• _The problem_: Restate the records that follow word for word; no pictures should appear.

(Source records)
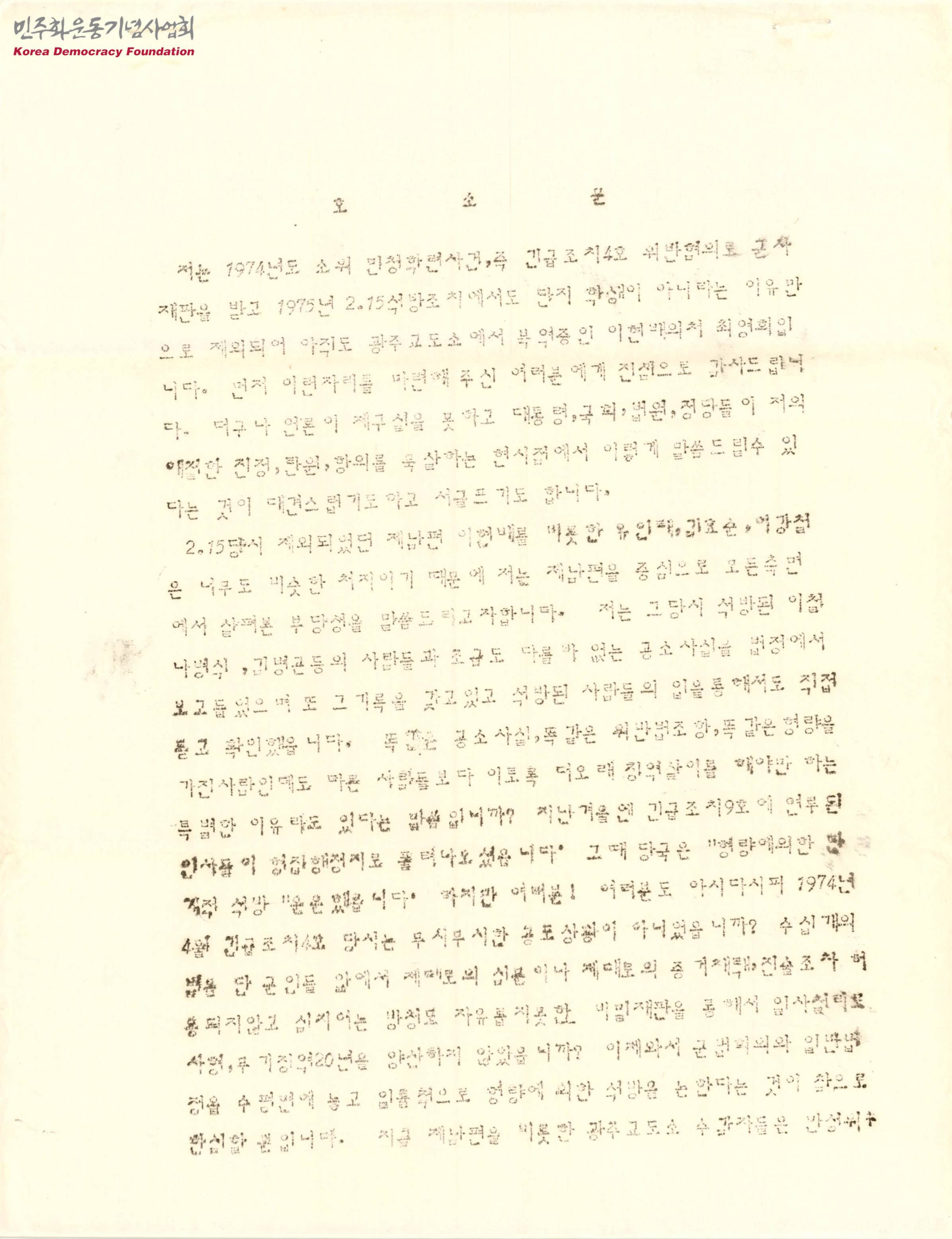 - 민청학련 사건 즉 긴급조치 4호 위반혐의로 군사재판을 받고 2.15 석방조치에서도 학생이 아니라는 이유만으로 제외되어 아직 광주 교도소에서 복역중인 이현배는 똑같은 공소사실을 가진 사람들은 석방되었지만 더 오래 징역살이를 하고 있다고 말하며 4년 동안 겪은 부당함과 억울함을 밝히고 남편을 비롯한 정치적 수감자들의 무조건 석방과 국민의 성원을 기대한다는 내용의 문서
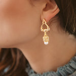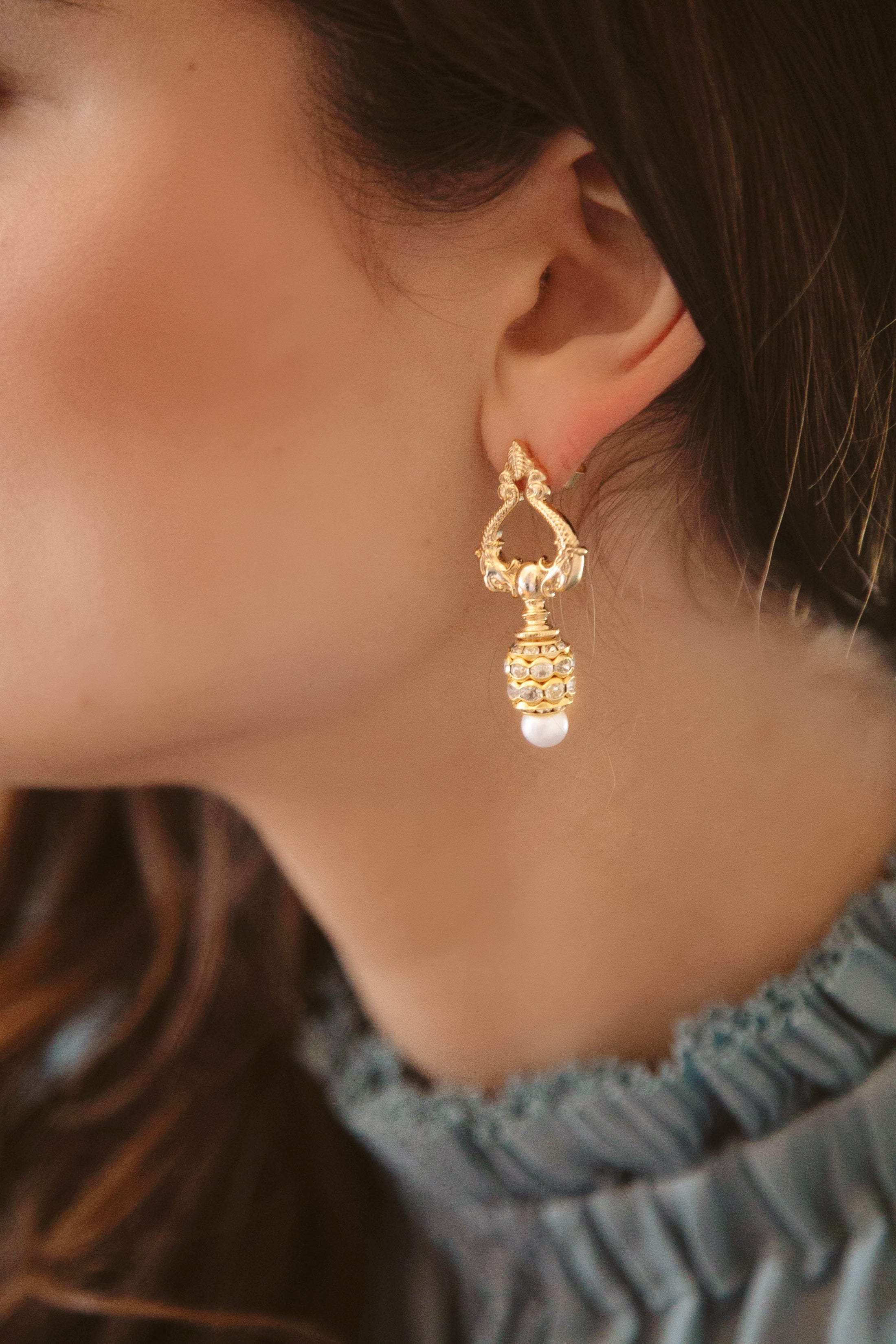 - A 24k antique gold plated tete-a-tete dolphin topper featuring a four tiered crystal rondelle and a freshwater pearl on stainless steel hypoallergenic posts
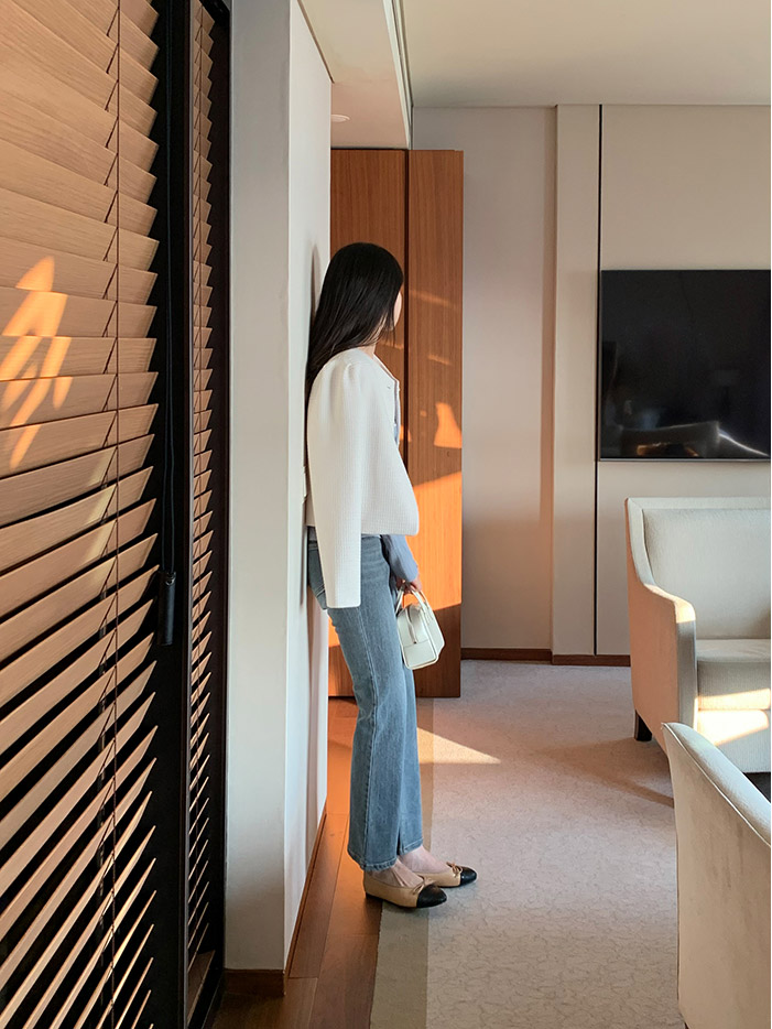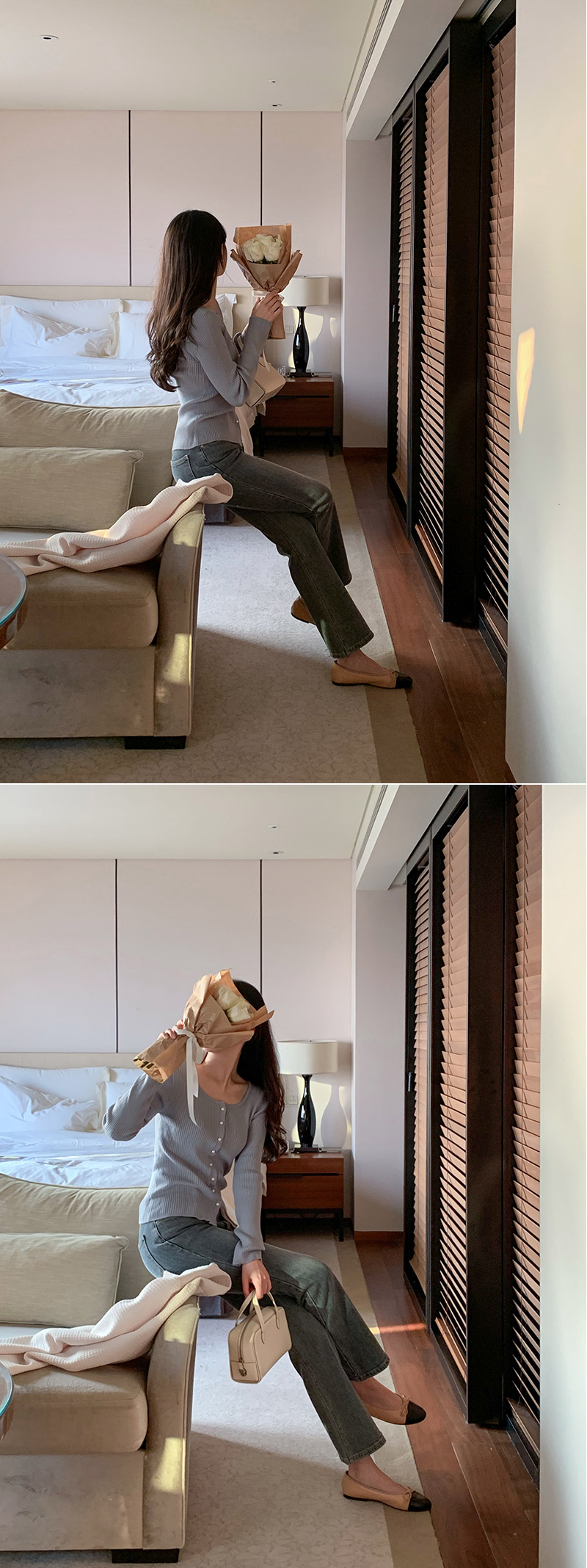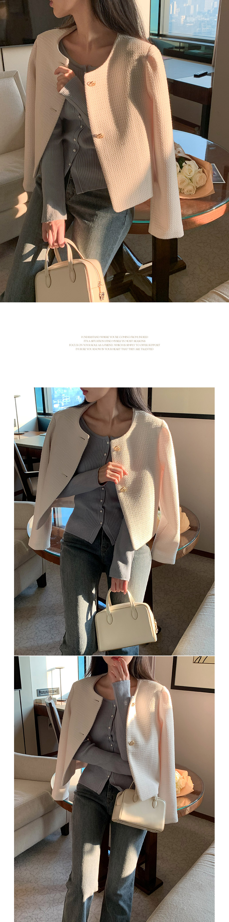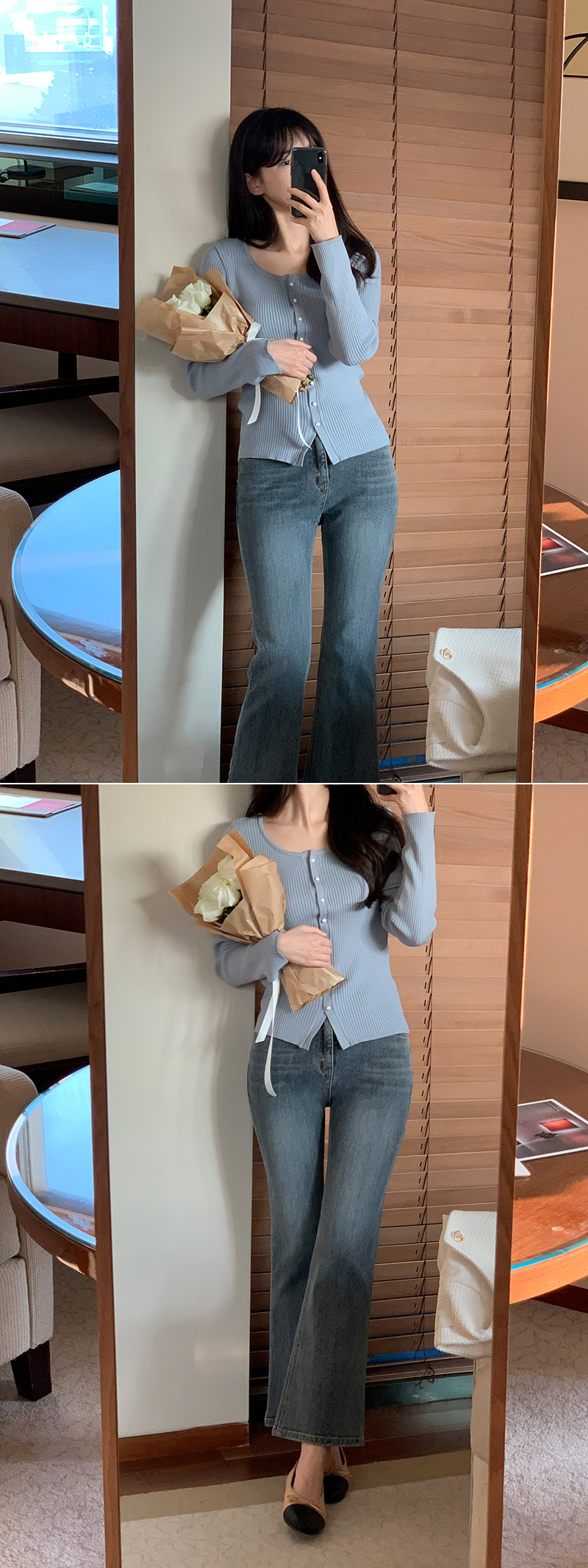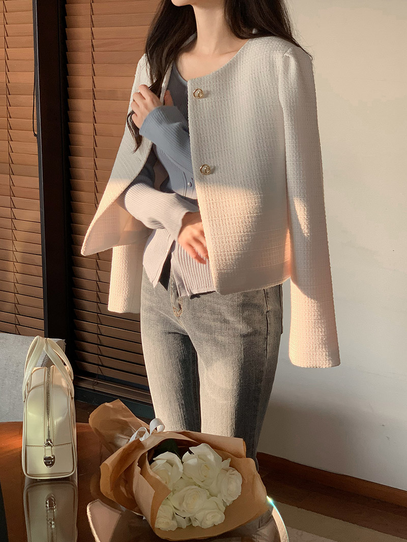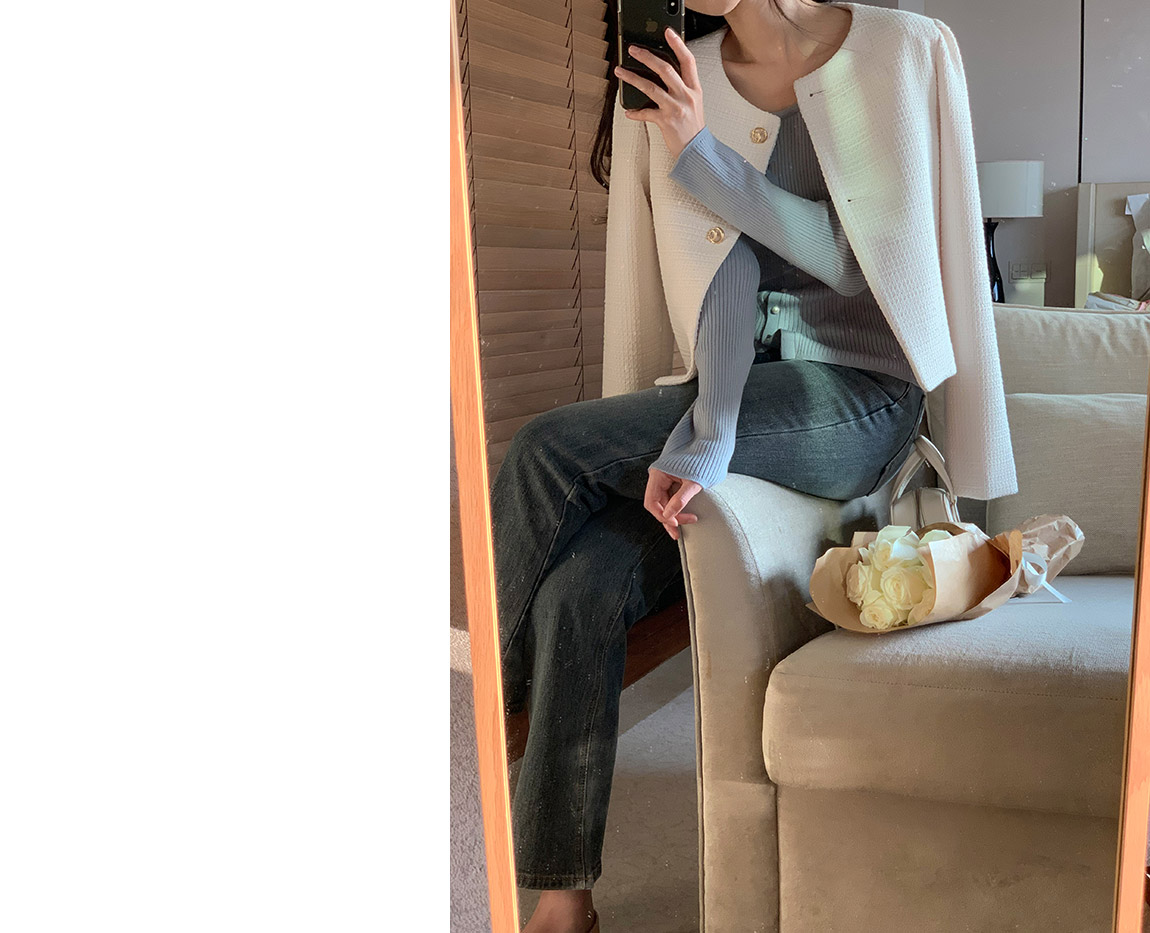 attrangs-아뜨랑스 - (페미닌/청순여리) 포엘즈 진주 버튼 유넥 슬림핏 골지 가디건♡韓國女裝上衣
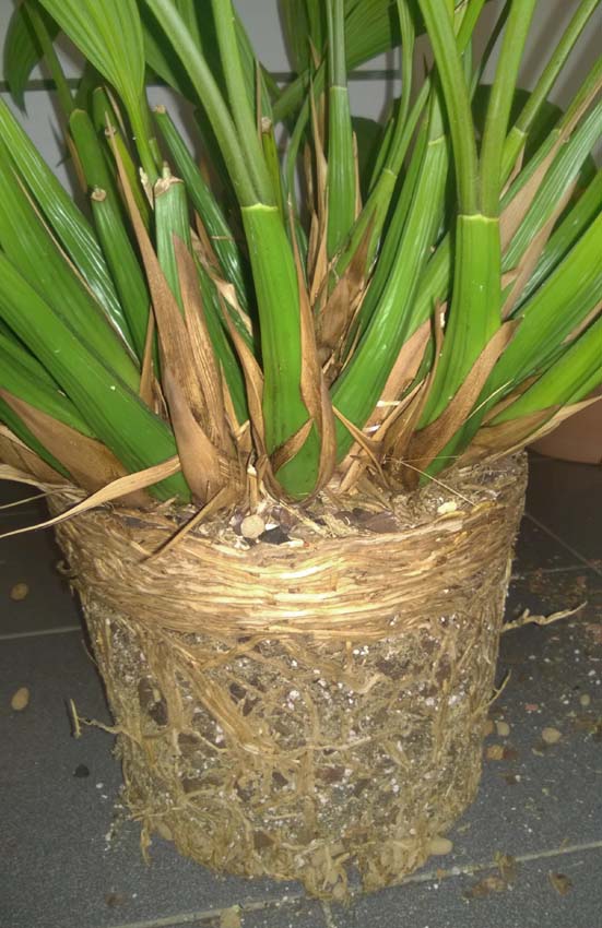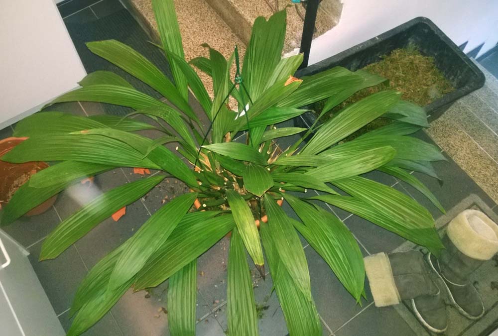 Dnes jsem tu svoji přesazoval i když by to bylo rozumnější až po odkvětu. Z květináče jsem ji dostal až po vystřihání nůžkami na plech. Dveřmi jsem nemohl projít, protože v rozpětí má dost přes metr. Kořeny jsem ale poškodil jen minimálně, takže v bohatosti květů ji to snad neovlivní. Zasadil jsem ji pouze do čistého mechu(toho svého), protože je velmi lehký a vzdušný. Spotřeboval jsem ho čtvrt vaničky a pak šla opět na zimoviště k stanhopejím. Příští rok bych na ní typoval tak 20nových pahlíz. To ji ještě nechám, ale pak ji budu muset rozdělit. Mám dlouhý zubatý kuchyňský nůž a ten na to asi bude optimální. Již jsem z ní dával část do zámeckého skleníku na Konopišti a vůbec jsem to nemohl odříznout.
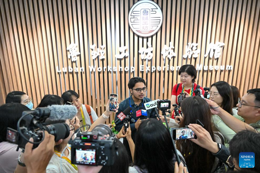 A Pakistani student with Lu Ban Workshop of Tianjin Light Industry Vocational Technical College receives an interview at the Lu Ban Workshop Experience Museum of the college in Tianjin, north China's, on Aug. 30, 2025. Multiple city visiting events have been arranged in Tianjin by the media center of the Shanghai Cooperation Organization (SCO) Summit 2025 from Aug. 28 to Aug. 30, providing opportunities for Chinese and foreign journalists to learn about distinctive highlights in Tianjin's history and culture, its scientific and technological development, cultural and people-to-people exchanges, as well as other fields during their visits. (Xinhua/Sun Fanyue)
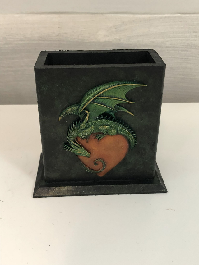 Dimensions : 11, 5 cm (hauteur), 8 cm (longueur du pot), 12 cm (longueur de la base), 3,4 cm (largeur du pot), 7 cm (largeur de la base), 0.8 cm (épaisseur du bois).
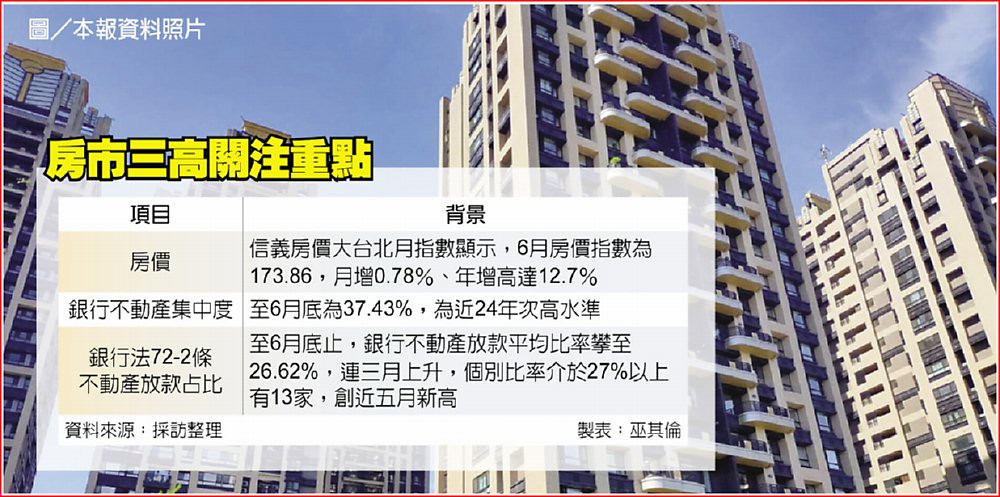 國內房市居高,主要統計數據仍居高,市場歸咎新青安政策推升剛性需求等因素,使房市仍具一定量能。當前房市仍有「三高」疑慮,一是房價、二是銀行法72-2條的不動產放款占比、三是不動產放款占總放款比重(集中度),恐影響整體金融穩定,央行數度表態會「密切滾動式檢討」。
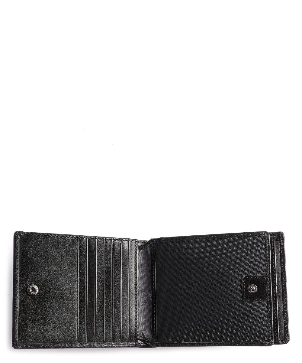 Фурнитура из металла антрацитового цвета. Подкладка из нейлона с логотипом. Перегородка/перегородка, отсек с защитой rfid-сканирования для чиповых карт. Отделение для документов, прозрачное отделение для фотографий или удостоверений личности, отделения для купюр и квитанций, отделение для монет с кнопкой. Четыре кармана. 12 слотов для кредитных карт. Материал: мелкозернистая яловая кожа. Размеры: примерно 12 х 10 х 2 см (ширина х высота х глубина). Вес: 0,1 кг.

• _Task solution_:
 - 민청학련 사건 즉 긴급조치 4호 위반혐의로 군사재판을 받고 2.15 석방조치에서도 학생이 아니라는 이유만으로 제외되어 아직 광주 교도소에서 복역중인 이현배는 똑같은 공소사실을 가진 사람들은 석방되었지만 더 오래 징역살이를 하고 있다고 말하며 4년 동안 겪은 부당함과 억울함을 밝히고 남편을 비롯한 정치적 수감자들의 무조건 석방과 국민의 성원을 기대한다는 내용의 문서
 - A 24k antique gold plated tete-a-tete dolphin topper featuring a four tiered crystal rondelle and a freshwater pearl on stainless steel hypoallergenic posts
 attrangs-아뜨랑스 - (페미닌/청순여리) 포엘즈 진주 버튼 유넥 슬림핏 골지 가디건♡韓國女裝上衣
 Dnes jsem tu svoji přesazoval i když by to bylo rozumnější až po odkvětu. Z květináče jsem ji dostal až po vystřihání nůžkami na plech. Dveřmi jsem nemohl projít, protože v rozpětí má dost přes metr. Kořeny jsem ale poškodil jen minimálně, takže v bohatosti květů ji to snad neovlivní. Zasadil jsem ji pouze do čistého mechu(toho svého), protože je velmi lehký a vzdušný. Spotřeboval jsem ho čtvrt vaničky a pak šla opět na zimoviště k stanhopejím. Příští rok bych na ní typoval tak 20nových pahlíz. To ji ještě nechám, ale pak ji budu muset rozdělit. Mám dlouhý zubatý kuchyňský nůž a ten na to asi bude optimální. Již jsem z ní dával část do zámeckého skleníku na Konopišti a vůbec jsem to nemohl odříznout.
 A Pakistani student with Lu Ban Workshop of Tianjin Light Industry Vocational Technical College receives an interview at the Lu Ban Workshop Experience Museum of the college in Tianjin, north China's, on Aug. 30, 2025. Multiple city visiting events have been arranged in Tianjin by the media center of the Shanghai Cooperation Organization (SCO) Summit 2025 from Aug. 28 to Aug. 30, providing opportunities for Chinese and foreign journalists to learn about distinctive highlights in Tianjin's history and culture, its scientific and technological development, cultural and people-to-people exchanges, as well as other fields during their visits. (Xinhua/Sun Fanyue)
 Dimensions : 11, 5 cm (hauteur), 8 cm (longueur du pot), 12 cm (longueur de la base), 3,4 cm (largeur du pot), 7 cm (largeur de la base), 0.8 cm (épaisseur du bois).
 國內房市居高,主要統計數據仍居高,市場歸咎新青安政策推升剛性需求等因素,使房市仍具一定量能。當前房市仍有「三高」疑慮,一是房價、二是銀行法72-2條的不動產放款占比、三是不動產放款占總放款比重(集中度),恐影響整體金融穩定,央行數度表態會「密切滾動式檢討」。
 Фурнитура из металла антрацитового цвета. Подкладка из нейлона с логотипом. Перегородка/перегородка, отсек с защитой rfid-сканирования для чиповых карт. Отделение для документов, прозрачное отделение для фотографий или удостоверений личности, отделения для купюр и квитанций, отделение для монет с кнопкой. Четыре кармана. 12 слотов для кредитных карт. Материал: мелкозернистая яловая кожа. Размеры: примерно 12 х 10 х 2 см (ширина х высота х глубина). Вес: 0,1 кг.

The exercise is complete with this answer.